Task description:
Write out every entry below exactly as it appears. Pictures do not belong in the copy.
--- START ---
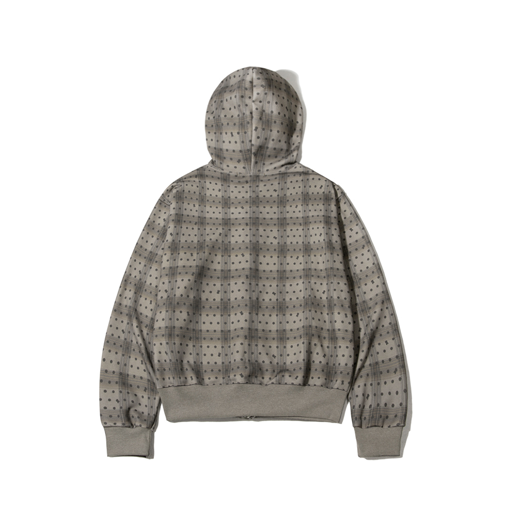 Escapefrom Brown Check Bunny Dots Full Print Two-Way Hoodie Zip-Up
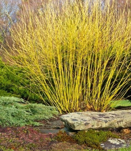 An outstanding deciduous shrub for the winter garden when it’s young branches turn a brilliant yellow. Outstanding orange-yellow autumn foliage. Prune hard back during the end of March. Will grow in most fertile, well drained soils in sun or part shade. Height 6 feet.
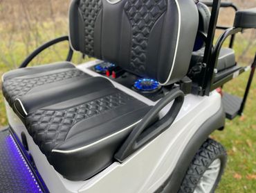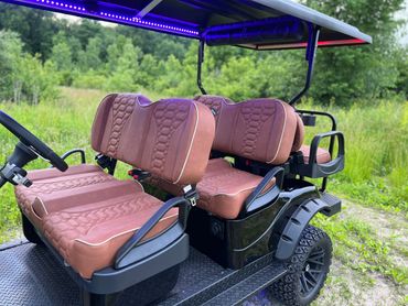 Our prestigious collection has the most luxurious carts you can buy! Starting with a complete tear down to the frame and then adding any custom parts you can think of. These carts are one of a kind and full of custom upgrades. These carts are completely unique from stretch kits to touch screen radios, these carts have it all.
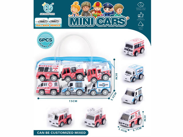 - Набор машин арт. 738M-2" Городские службы инерц. 6 шт. в пак. 15*3,5*8×Набор машин арт. 738M-2" Городские службы инерц. 6 шт. в пак. 15*3,5*8Набор инерционных машинок "Городские службы" понравятся детям дошкольного и младшего школьного возраста. В набор входят 6 ярких машинок различных городских служб. Чтобы машинки рванули с места, их нужно всего лишь немного оттянуть назад и отпустить. Играя с ними, ваш ребенок не только интересно проведет свободное время, но и будет развивать мелкую моторику рук. С машинками можно не только увлекательно играть, но и коллекционировать, собирая свой автомобильный парк. Набор упакован в удобную сумку для хранения.
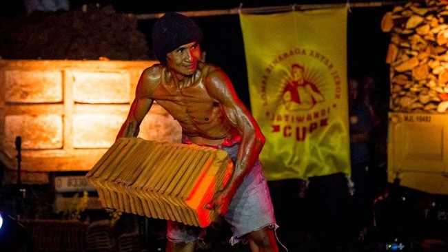Majalengka - Kontes binaraga pekerja pabrik genteng digelar di Jatiwangi di Majalengka. Begini aksi mereka.
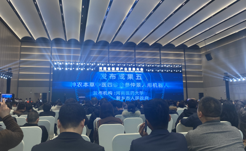 在河南省卫健委的大力支持下,我校联合新乡市人民政府,积极融入河南省健康产业战略并主动对接需求成果突破。我校党委书记任文杰教授牵头研发的“神农本草中医四诊合参仲景人形机器人”在本次大会现场成功发布。
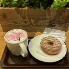 🌸桜咲くよラテ 🌸桜抹茶ドーナツ 桜の商品が出始める時期ですね〜😌 テンション上がります。 …しかし、花粉も飛ぶ時期です🤧
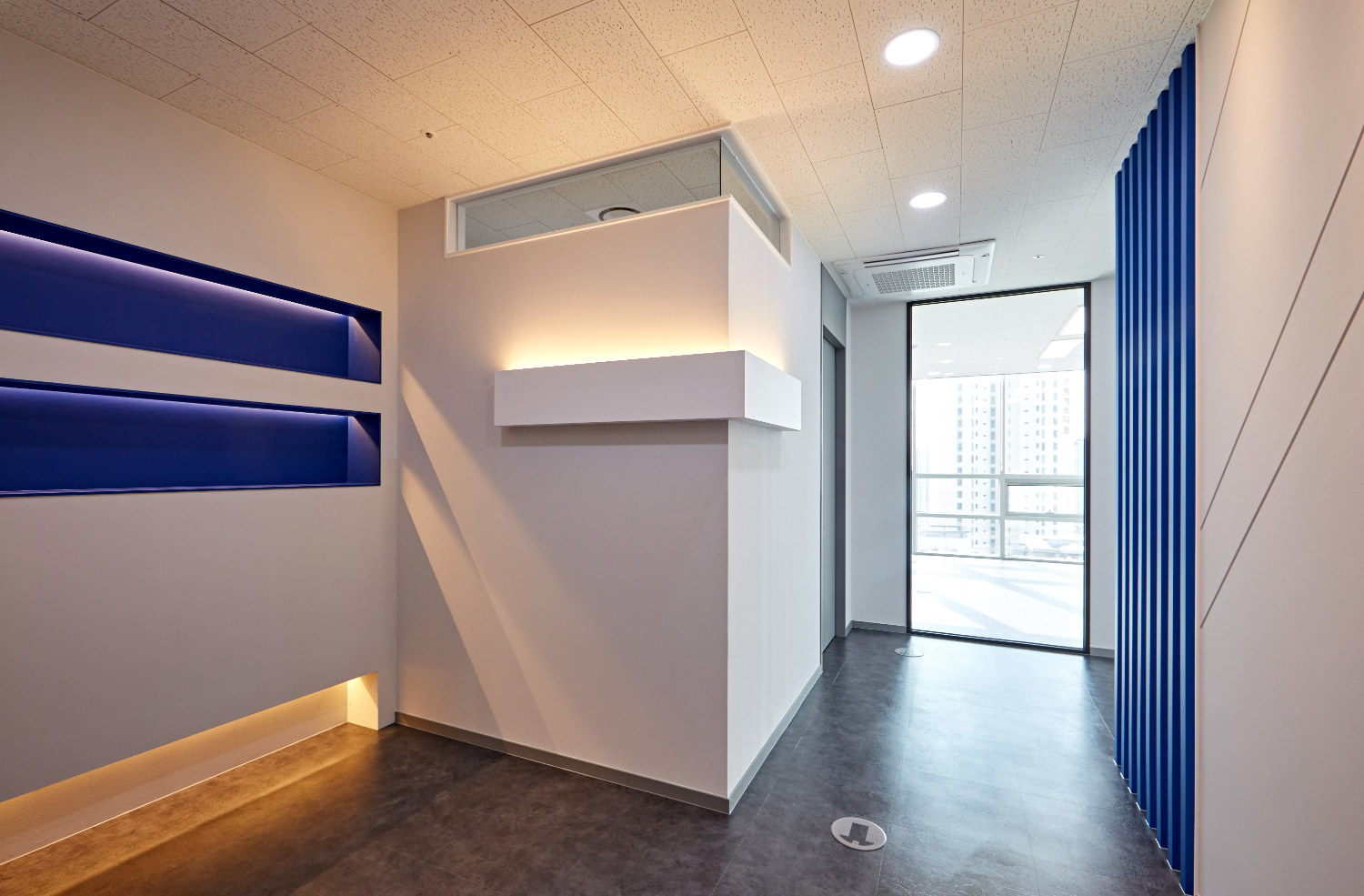 외부 파사드와 입구에는 기업의 이미지를 표현한 블루 컬러로 포인트를 주었고 심플한 디자인으로 신뢰감이 느껴지는 공간으로 구성 했습니다.
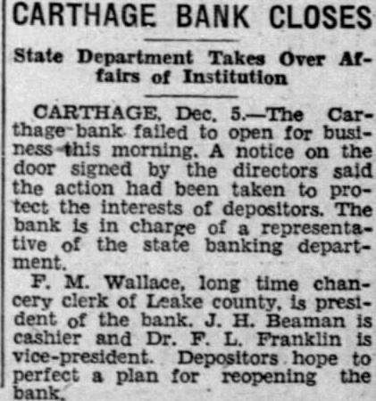 CARTHAGE BANK CLOSES State Department Takes Over Affairs of Institution CARTHAGE Dec. 5.-The Carthage bank failed to open for business this morning. A notice on the door signed by the directors said the action had been taken to protect the interests of depositors. The bank is in charge of representative of the state banking department F. M. Wallace, long time chancery clerk of Leake county, is president of the bank. J. H. Beaman is cashier and Dr. F. L. Franklin is vice-president. Depositors hope to perfect plan for reopening the
--- END ---
Answer to the exercise:
 Escapefrom Brown Check Bunny Dots Full Print Two-Way Hoodie Zip-Up
 An outstanding deciduous shrub for the winter garden when it’s young branches turn a brilliant yellow. Outstanding orange-yellow autumn foliage. Prune hard back during the end of March. Will grow in most fertile, well drained soils in sun or part shade. Height 6 feet.
 Our prestigious collection has the most luxurious carts you can buy! Starting with a complete tear down to the frame and then adding any custom parts you can think of. These carts are one of a kind and full of custom upgrades. These carts are completely unique from stretch kits to touch screen radios, these carts have it all.
 - Набор машин арт. 738M-2" Городские службы инерц. 6 шт. в пак. 15*3,5*8×Набор машин арт. 738M-2" Городские службы инерц. 6 шт. в пак. 15*3,5*8Набор инерционных машинок "Городские службы" понравятся детям дошкольного и младшего школьного возраста. В набор входят 6 ярких машинок различных городских служб. Чтобы машинки рванули с места, их нужно всего лишь немного оттянуть назад и отпустить. Играя с ними, ваш ребенок не только интересно проведет свободное время, но и будет развивать мелкую моторику рук. С машинками можно не только увлекательно играть, но и коллекционировать, собирая свой автомобильный парк. Набор упакован в удобную сумку для хранения.
Majalengka - Kontes binaraga pekerja pabrik genteng digelar di Jatiwangi di Majalengka. Begini aksi mereka.
 在河南省卫健委的大力支持下,我校联合新乡市人民政府,积极融入河南省健康产业战略并主动对接需求成果突破。我校党委书记任文杰教授牵头研发的“神农本草中医四诊合参仲景人形机器人”在本次大会现场成功发布。
 🌸桜咲くよラテ 🌸桜抹茶ドーナツ 桜の商品が出始める時期ですね〜😌 テンション上がります。 …しかし、花粉も飛ぶ時期です🤧
 외부 파사드와 입구에는 기업의 이미지를 표현한 블루 컬러로 포인트를 주었고 심플한 디자인으로 신뢰감이 느껴지는 공간으로 구성 했습니다.
 CARTHAGE BANK CLOSES State Department Takes Over Affairs of Institution CARTHAGE Dec. 5.-The Carthage bank failed to open for business this morning. A notice on the door signed by the directors said the action had been taken to protect the interests of depositors. The bank is in charge of representative of the state banking department F. M. Wallace, long time chancery clerk of Leake county, is president of the bank. J. H. Beaman is cashier and Dr. F. L. Franklin is vice-president. Depositors hope to perfect plan for reopening the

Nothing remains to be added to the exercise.